The headstone reads: Ricky Jean Bryant, 1945-1949, but no casket will be found underneath the soil. It’s another odd twist in the mysterious case of Bryant, a four-year-old girl from rural Mauston who vanished during a house fire Dec. 19, 1949. She was never heard from again.

Shaun Goyette of the Juneau County Sheriff’s Office was assigned the case after he was promoted to detective several years ago. Goyette sees the case file every day when he enters his office. Bryant’s disappearance was a cold case long before Goyette took it on and it could remain open years after he leaves. But it’s cases like these which remain unsolved for years, sometimes decades, which push investigators to find the truth.

While other current cases take up most of their time, for area detectives, unsolved cases remain in the back of their minds. They’ll review the cases every now and then, check for new information and try to hunt down leads. Sometimes the leads are fruitful, other times, they’re dead ends. The pursuit of the truth, bringing the perpetrators to justice and the drive to bring closure to victims’ families remains the biggest objective.

In many of these cases somebody knows something and it often takes just one person to come forward to solve a mystery.

 

 

 

What happened to Bryant?

Sitting in the conference room at the Juneau County Justice Center, Goyette pours through the Bryant file. He picks out old newspaper clippings from the New Lisbon Times and the Mauston Star detailing the events of the day the small girl went missing. Years later, the story drew statewide attention when the Milwaukee Sentinel interviewed Bryant’s siblings in 1987.

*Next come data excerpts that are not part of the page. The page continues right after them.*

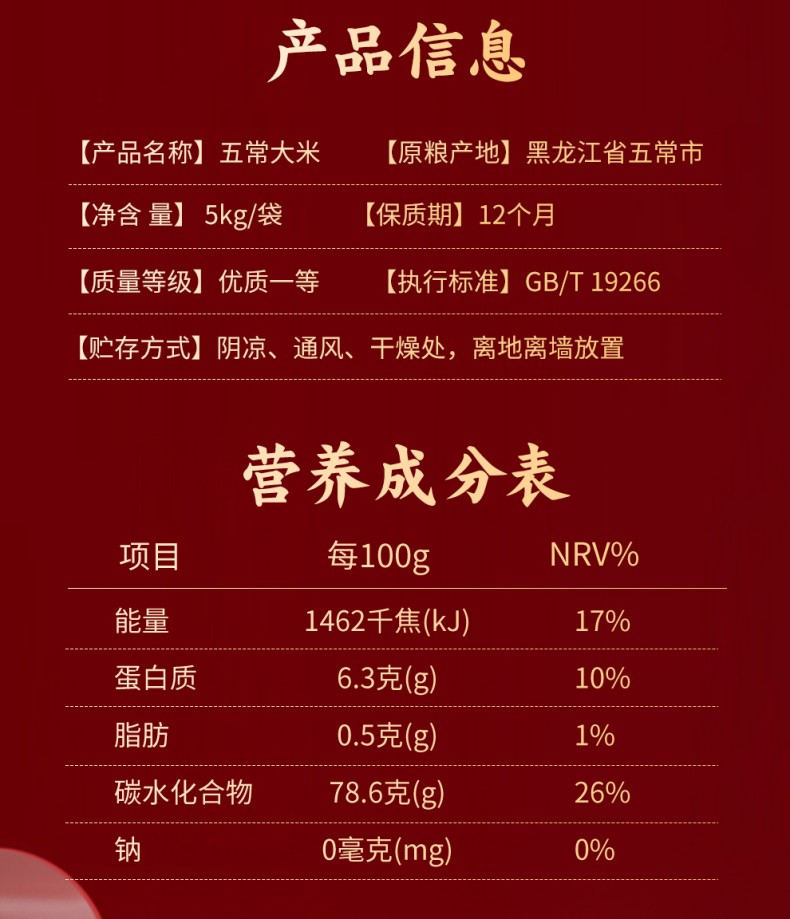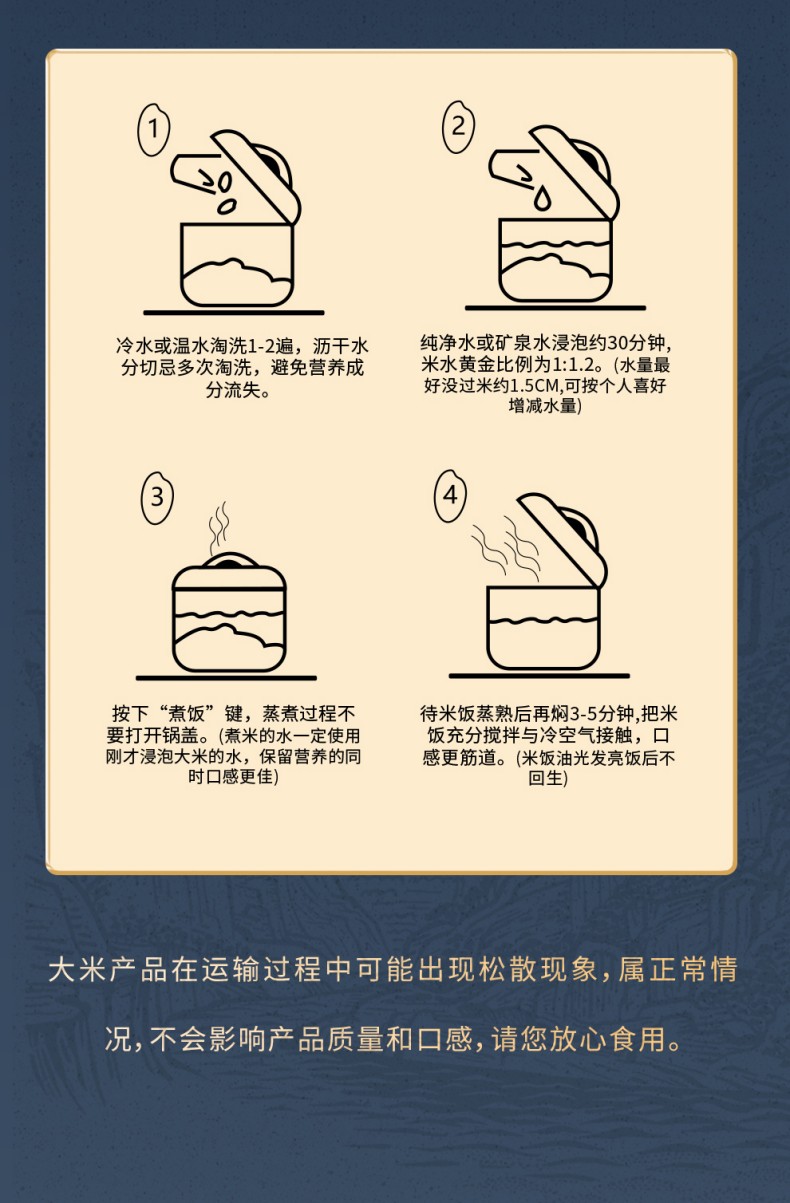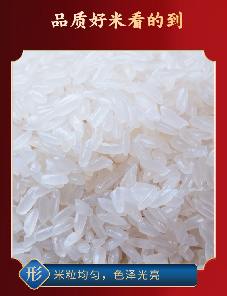 规格:5公斤 产品标准代号:GB/T 19266 质量等级:优质一等 米种:原粮稻花香2号 保质期:12个月 尺寸:500*245*95mm 稻花香米的包装简约大气,品质可谓上乘,米粒均匀,色泽光亮,醇厚绵长,芳香四溢。五常稻花香大米成饭食味清淡略甜,棉软略粘,芳香爽口,饭粒表面油光艳丽,剩饭不回生,是百姓餐桌上的首xuan,是日常生活中做米饭的佳品。 口感:软嫩香甜,嚼劲十足,米香浓郁,冷后不硬。 外观:细长饱满,晶莹油亮,头部带鹰嘴勾,腹白明显
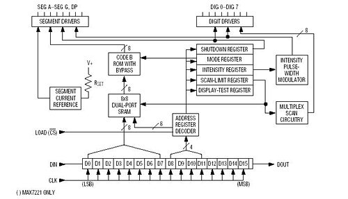 下面从使用的角度,对MAX7219内部控制器的功能加以说明:
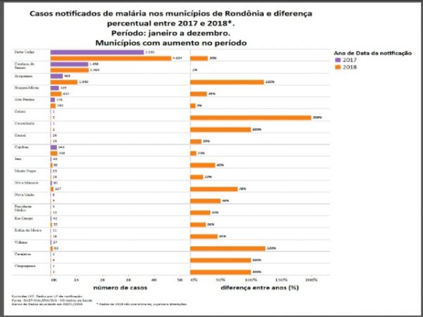 O Ministério de Saúde (MS) emitiu boletim com informações detalhadas dos casos de malária colhidos entre 2017 e 2018 no Estado de Rondônia.
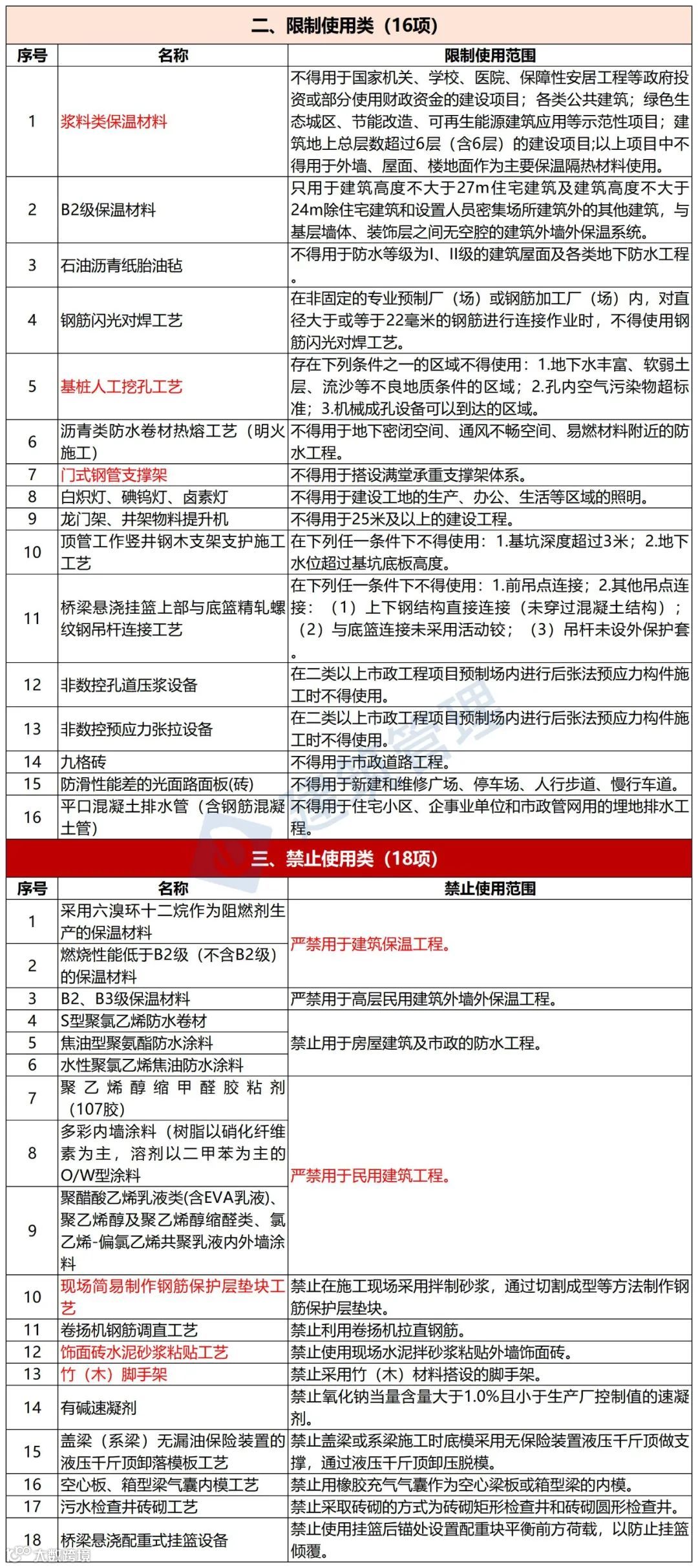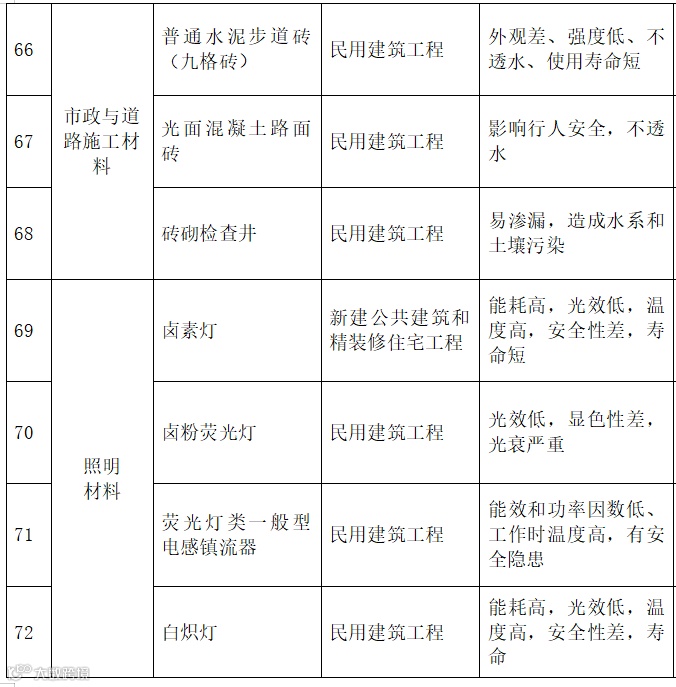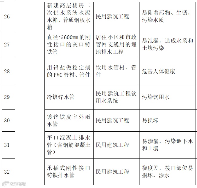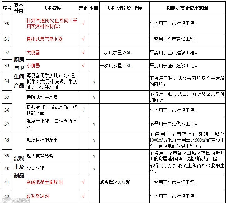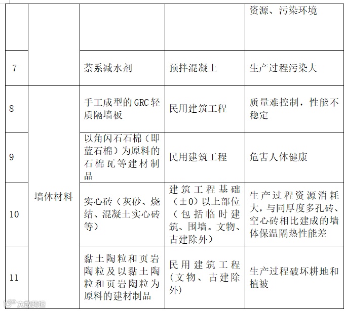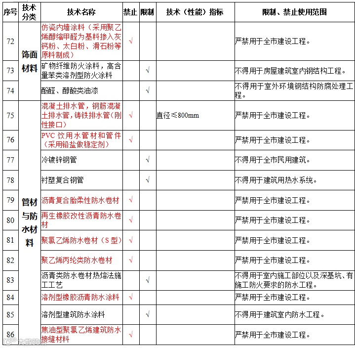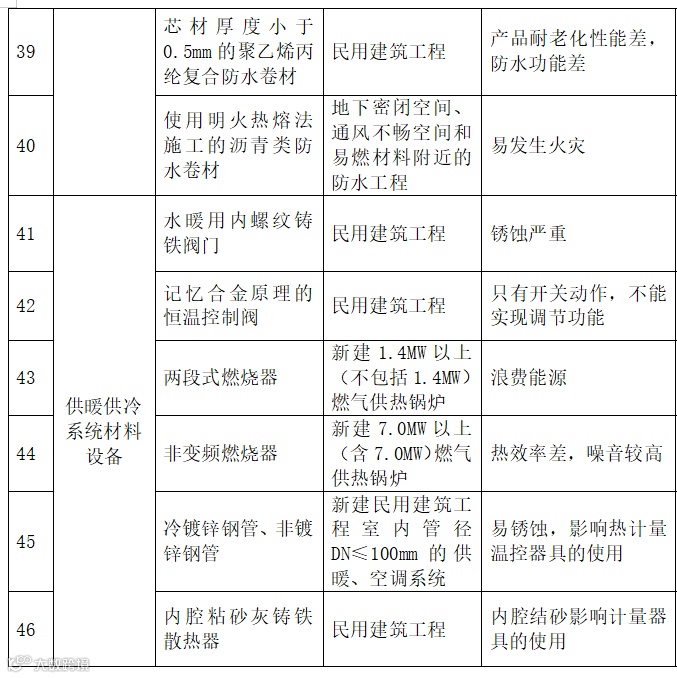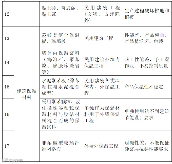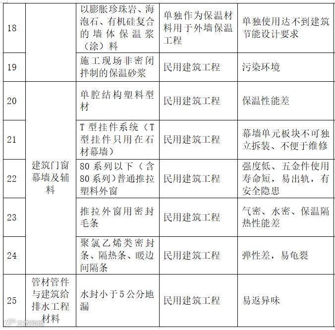 | 19 | 防水材料 | 聚乙烯丙纶防水卷材 | 禁止在新建、改建、扩建的建筑工程中使用 |

It remains one of Juneau County’s biggest mysteries.

After the fire broke out, Bryant, along with older brother, Forrest and younger sister, Liz, went to the yard for safety. Forrest, who was a year older than Ricky, who also went by Jeannie, recalled seeing an expensive car drive up to the home. A woman got out and told Forrest to run to a neighbor’s house for help. When the boy returned, Liz was still there, but Ricky and the woman were gone.

It was initially assumed Ricky had died in the fire. Particles appearing to be human bones were analyzed but came back negative. Evidence never verified Ricky died in the blaze.

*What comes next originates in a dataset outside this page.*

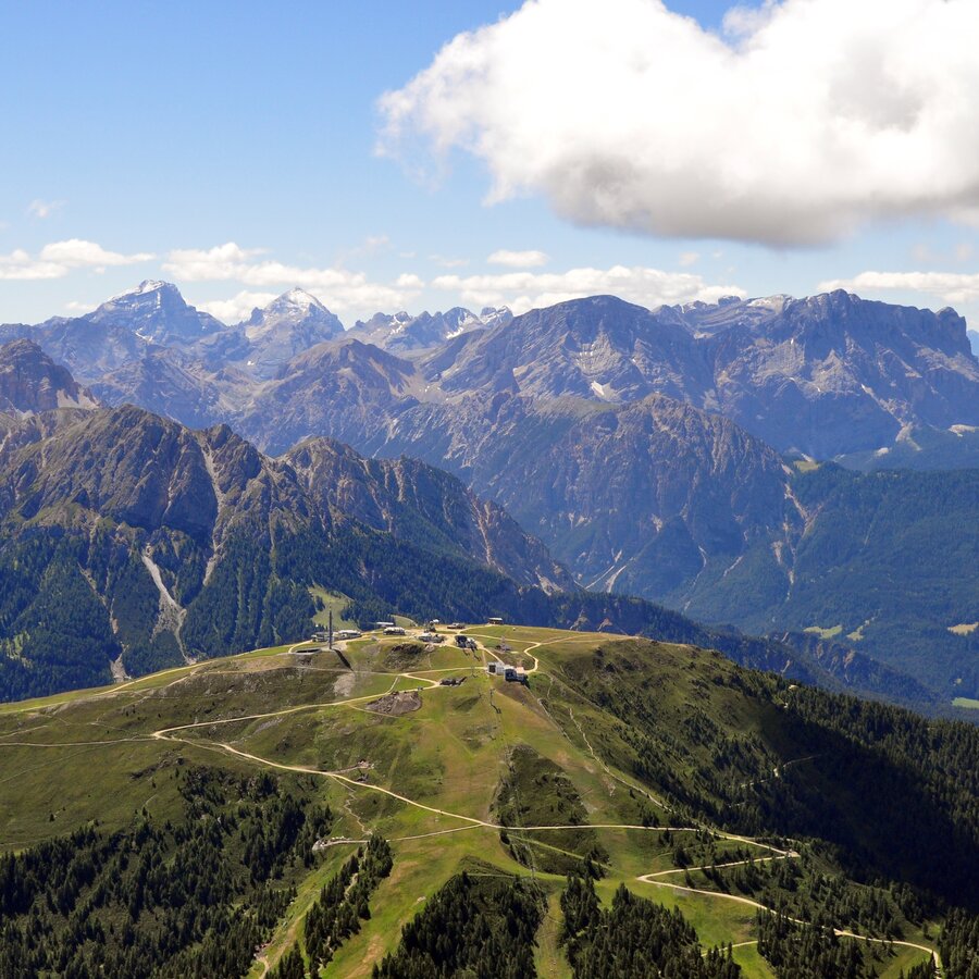 Sopra Valdaora, a 2.275 m s.l.m., troneggia il Plan de Corones: dall’altopiano panoramico, unico nel suo genere, lo sguardo abbraccia indisturbato le imponenti vette dolomitiche, sospingendosi sino ai Tremila del parco naturale Vedrette di Ries-Aurina: un panorama che solletica il desiderio di mettersi in cammino. Ed è un bene, considerando le innumerevoli possibilità che l’estesa area della vetta offre per scoprire l’affascinante universo alpino. Ce n’è per tutti i gusti. Dall’agevole escursione per famiglie con passeggini su un percorso circolare percorribile in tre ore al più ambizioso tour di montagna, nessun desiderio resta irrealizzato. Lungo il cammino, rifugi, una campana della pace e due musei invitano a una pausa variegata. E il meglio deve ancora venire: il paradiso escursionistico del Plan de Corones si estende a soli 11 minuti da Valdaora: tanto dura il viaggio a bordo della moderna cabinovia Olang 1 + 2, che dalla località Casola conduce direttamente in vetta.
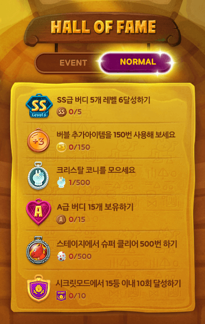 미션으로 주어진 종류의 버블만 정해진 개수대로 수집하는 모드 입니다.

“The original reports were destroyed in a flood at the old sheriff’s department,” Goyette said of the Bryant case. “The family came back in 2005 and filed a new missing persons report. It’s been an active case since then.”

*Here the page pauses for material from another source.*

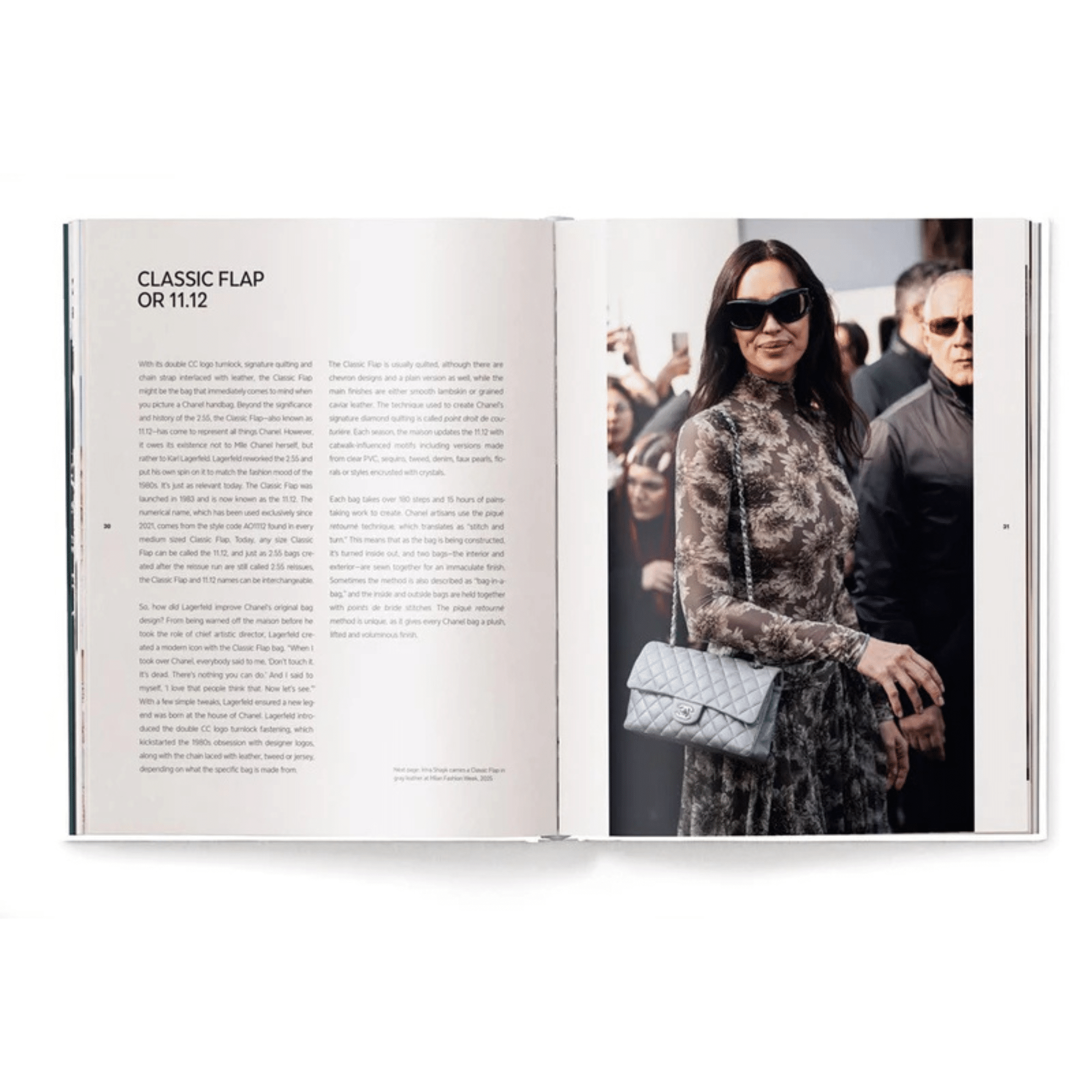 Redan från första sidan leds läsaren genom Coco Chanels revolutionerande vision, som förändrade modevärlden och kvinnors silhuett för alltid. Därefter utforskar boken den ikoniska 2.55-väskan, introducerad i februari 1955, och förklarar hur den fortfarande utgör en symbol för tidlös elegans och praktisk lyx. Vidare presenteras Boy Bag och Classic Flap (11.12), vilka både speglar Chanels arv och påverkar modern streetstyle.

The sheriff’s office took DNA samples from Bryant’s siblings, which were placed in a national database. When a woman from California called with questions about her past and seemed to fit the description of Bryant, Goyette was optimistic, but the DNA did not match.

“There have been so many unanswered questions,” Goyette said. “There was talk there may have been somebody in Minnesota who may have information, but nobody has come forward.”

 

The Minnesota reference is compelling, because after Bryant disappeared, her siblings remembered their mother, Opal Bryant, taking weekend trips to the state. She never discussed why she would go to Minnesota and the family never talked about the weekend excursions. A rumor surfaced Bryant may have been born out of wedlock and the fire was started intentionally to mask a possible abduction.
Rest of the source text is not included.